Raku nunca había visto a la rubia tan furiosa, era como ver al diablo con tus propios ojos. Pero eso no hizo que se separara de Onodera, algo dentro de él le decía que debía protegerla. De hecho todo lo contrario, la abrazo aun más fuerte como si fuera el último momento de sus vidas.

Raku volteo a ver una última vez a Onodera quien descansaba cómodamente en el pecho del joven, ni siquiera notando que se acercaba el apocalipsis.

Einstein tenía razón, el tiempo es relativo al observador, cuando vez a la muerte acercarse a ti de esa manera el tiempo se detiene, tu vida entera pasa frente a tus ojos en un instante. Y en ese momento entendió que este sería su fin, pero todo estaba bien, el chico estaba dispuesto a sufrir, a morir por amor, por la elección correcta. Cerró sus ojos y...

"Y?"

"Uh?" con miedo el chico abrió con lentamente sus ojos, dejando ver a una rubia totalmente calmada con las manos a la cintura, esperando una respuesta.

"Como esta?" pregunto la rubia.

"Cómo es que sigo con vida..." dijo atónito el chico.

"Idiota, puedo golpearte si así lo quieres" Suspiro y continuo "Estaba tratando de asustarlos... Ruri-chan me explico la situación, crees que no note que estaba teniendo un día terrible?

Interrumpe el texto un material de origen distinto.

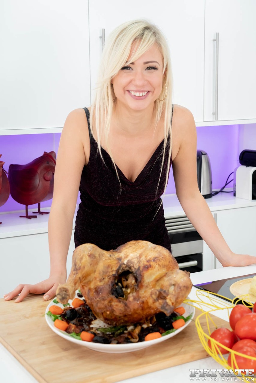 الغامضة الشقراء جابي جولد تلاعب مع حماها في تنورة قصيرة وحذاء عالي الكعب، وتعرض صدرها الطبيعي الكبير وبظرها المحلوق في لقاء حار في المطبخ.
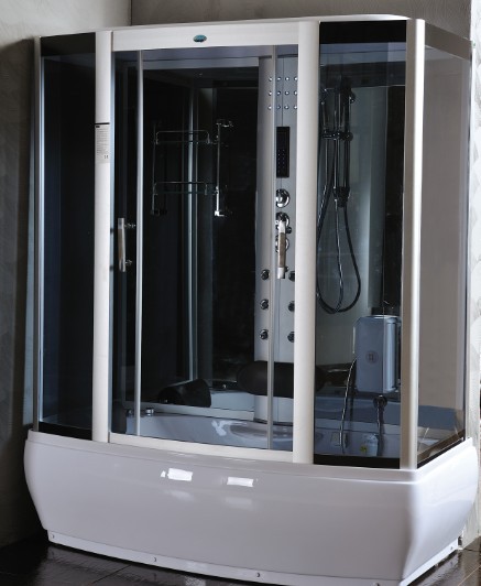 Componenti: doccia superiore, doccia con maniglia scorrevole, plafoniera, lampada di fondo, idromassaggio, massaggio ai piedi, ventilatore, altoparlante, radio, pulsante di accensione / spegnimento, ricevitore telefonico, rivestimento vetro, supporto, barra a torre.
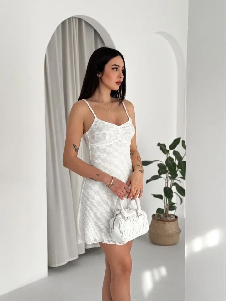 Askılı Mini Elbise Drapeli Göğüs Detay Likralı Yazlık Fit - Beyaz
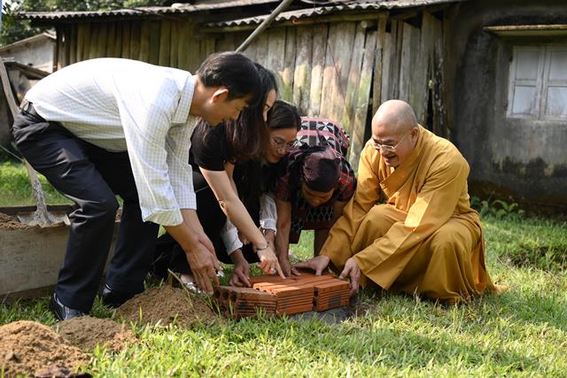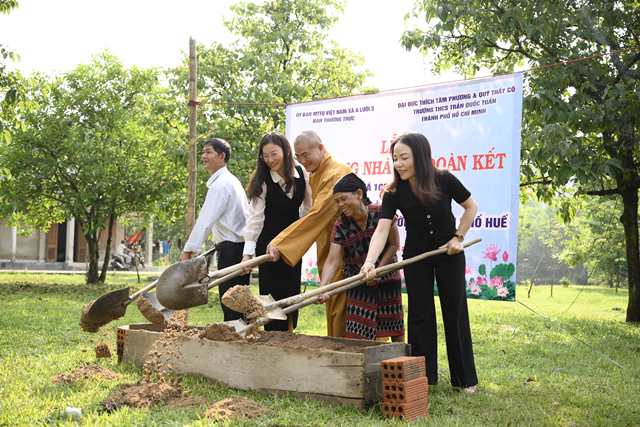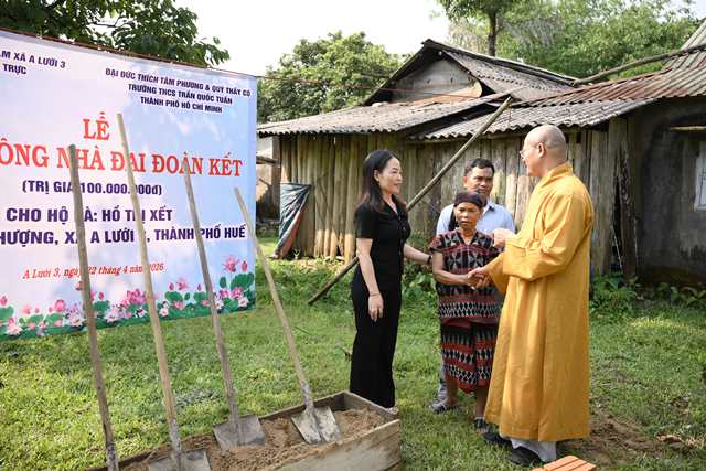 Trước hoàn cảnh khó khăn của gia đình bà Hồ Thị Xết, Đại đức Thích Tâm Phương đã kết nối quý Thầy, Cô trường THCS Trần Quốc Tuấn, thành phố Hồ Chí Minh đã về thăm và hỗ trợ 100 triệu đồng để xây dựng nhà Đại đoàn kết cho gia đình.
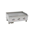 Introducing the Sapphire Countertop Gas Griddle, featuring four U-shaped burners and a 3/4" thick hot rolled steel plate for even heat distribution. With a standby stainless steel pilot, grease collector pan, and splash guard, it ensures safety and cleanliness. Manual controls and brass control valve allow precise temperature adjustment. With adjustable legs and rear gas connection, it offers flexibility and convenience. Producing 120,000 BTU, it's ideal for high-volume cooking. Certified by cETLus and ETL for sanitation compliance, it's perfect for commercial kitchens.
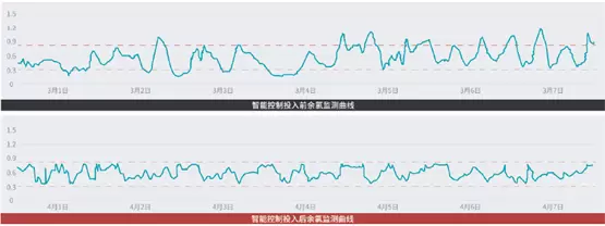 智慧加氯控制系统的上线使得出水余氯能够稳定在0.3mg/L至0.8mg/L之间,消除了原有控制时较大的波动,并实现了24小时全自动化精准加氯,大幅减少了人为干预,实现了无人化生产。
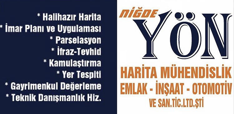 NİĞDE YÖN HARİTA MÜHENDİSLİK EMLAK İNŞAAT OTOMOTİV SAN.TİC.LTD.ŞTİ firması, bu listede 1. sırada yer almaktadır.
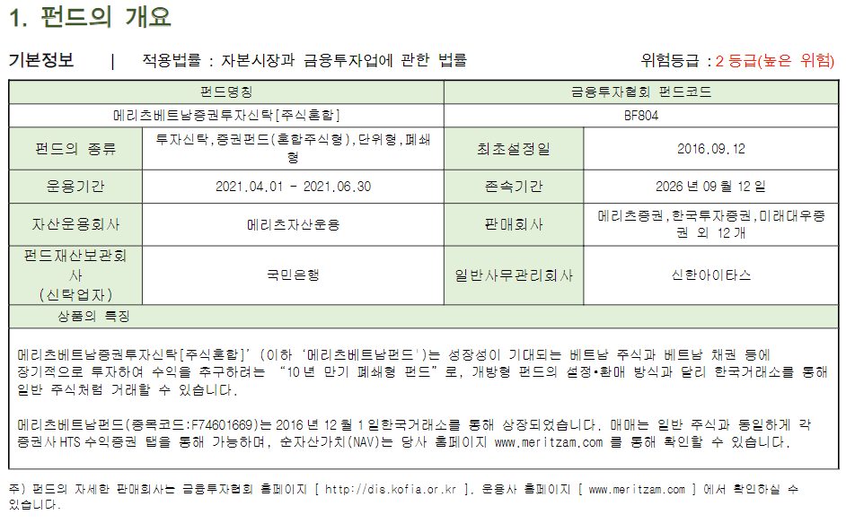 폐쇄형 펀드 1. 메리츠베트남투자신탁
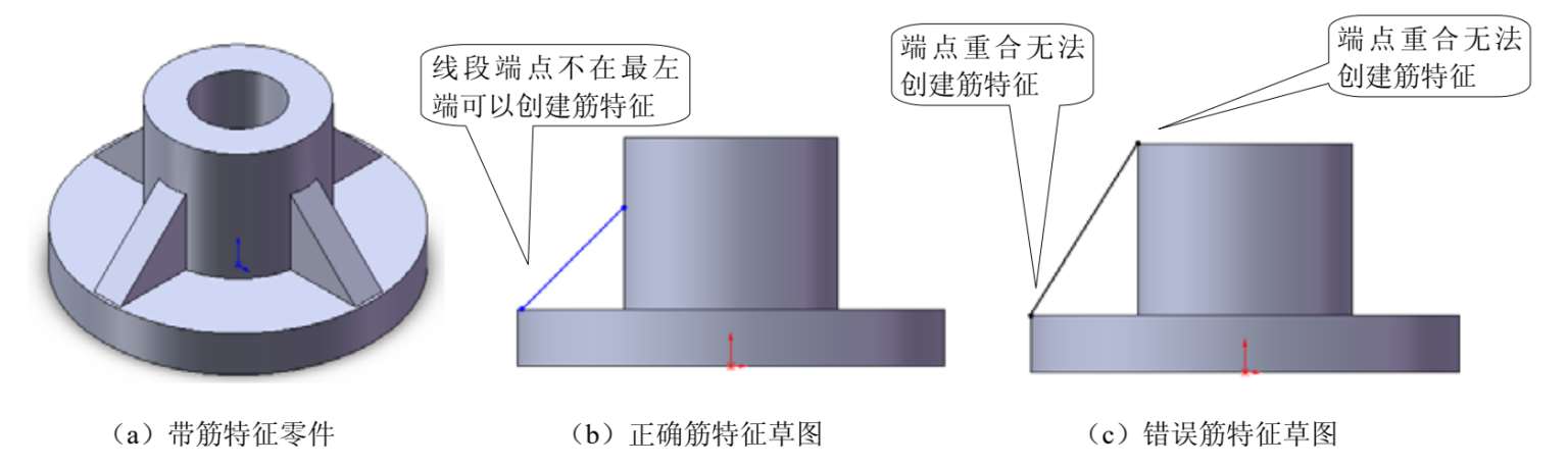 注意: 在曲面间添加筋特征时注意草图的绘制,添加指定方向必须有面能够全部接受实体,如图 3-34(b)所示,否则无法创建,如图 3-34(c)所示。
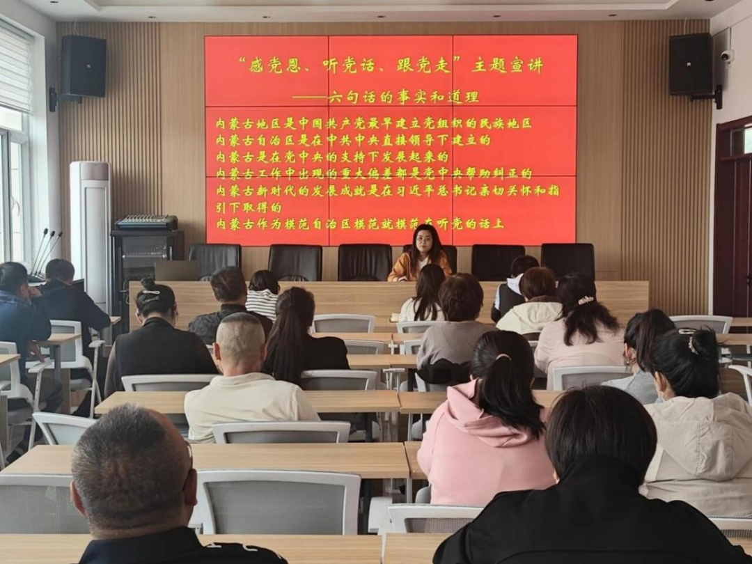 社区书记结合辖区发展实际和民生热点,面向党员骨干、社区居民开展主题宣讲,深入解读了“六句话的实事和道理”,重点围绕党中央对内蒙古的关怀引领,从政策扶持、生态保护、民生改善等方面,讲述内蒙古在党的领导下取得的发展成就,引导在场党员群众深刻感悟党的恩情,坚定听党话、跟党走的信念。

Ruri y yo tratamos de ayudarla temprano pero nada daba resultado... y bien? Como esta?"

Raku observó a la chica en sus brazos que dormía plácidamente "Parece que se quedó dormida" se separó de ella, tomó sus piernas y la cargó como una princesa "voy a llevarla a la enfermería para que descan- *Hic*... oh mierda".